One advantage is the MCP advertises itself to the agent with its schema and api shape. Unless your CLI is in the corpus with lots of examples the agent has to learn every time. Skills help a little bit but I find the recall on skills pretty low. However I also find codex will reliably use MCPs advertised while Claude always reaches for tools like Bash() likely because it’s aligned so heavily on its own tools and is very hard to get to use an MCP if literally any Bash() approach is possible, including breaking glass to find creds, even when an MCP is clearly advertised in CLAUDE.md, skills, and explicit user instruction. I find it fascinating that Anthropic makes a product that seems to be really poor at following instructions and OpenAI seems to generally follow guard rails.

Isn’t that basically just a —help flag though?

Still easily doable with CLI

  • > Isn’t that basically just a --help flag though?

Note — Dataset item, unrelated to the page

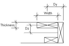 Dz indicates the distance of the center line of the piece from that of the framing. The positive direction is from the center line of the framing towards the outer surface of the panel. Dy indicates the distance of the nominal line of the piece from the center of the piece. Dy is half of the cross section width for side studs and 0 for other studs. For jamb studs, Dy can be in accordance with the figure below, for example. Thickness is the cross section dimension in the direction of the depth of the framing, and Width the cross section dimension in the direction of the length of the panel.
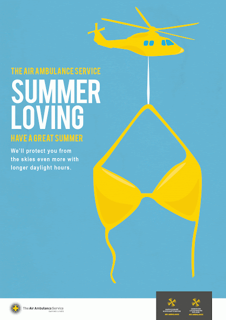 The brief itself was to design a postcard for the TAAS promoting the benefits of longer hours of sunlight in the summer months in regards to the air ambulance operating longer. I decided to go for an illustrative style as it was such a departure from the existing style of TAAS and I could really put my stamp on it. The concept is quite humorous and adds an element of fun, which moves away from the more shocking tactics of some charities.

    mostly, but not enough — i have been experimenting with this, and what i found to help is:

      - help menu is the default, not an error message to stderr. ex: `gh pr` and `gh pr --help` are byte identical
      - if the subcommand, or the options passed are wrong, present suggestions. ex: `gh gists` -> "Did you meant this? gist"
      - the help menu should provide examples like `tldr`. sprites.dev tool `sprite` does this well, `gh` is in the training set so theirs is shorter
      - can you append the docs url to the bottom of the help menu?
      - you're serving llms.txt, right?

> One advantage is the MCP advertises itself to the agent with its schema and api shape.

So, OpenAPI/Swagger for REST? GraphQL? SOAP schemas? All of these (and more) exist. What does MCP add that these don't have?

i mean you can surface an openapi schema too.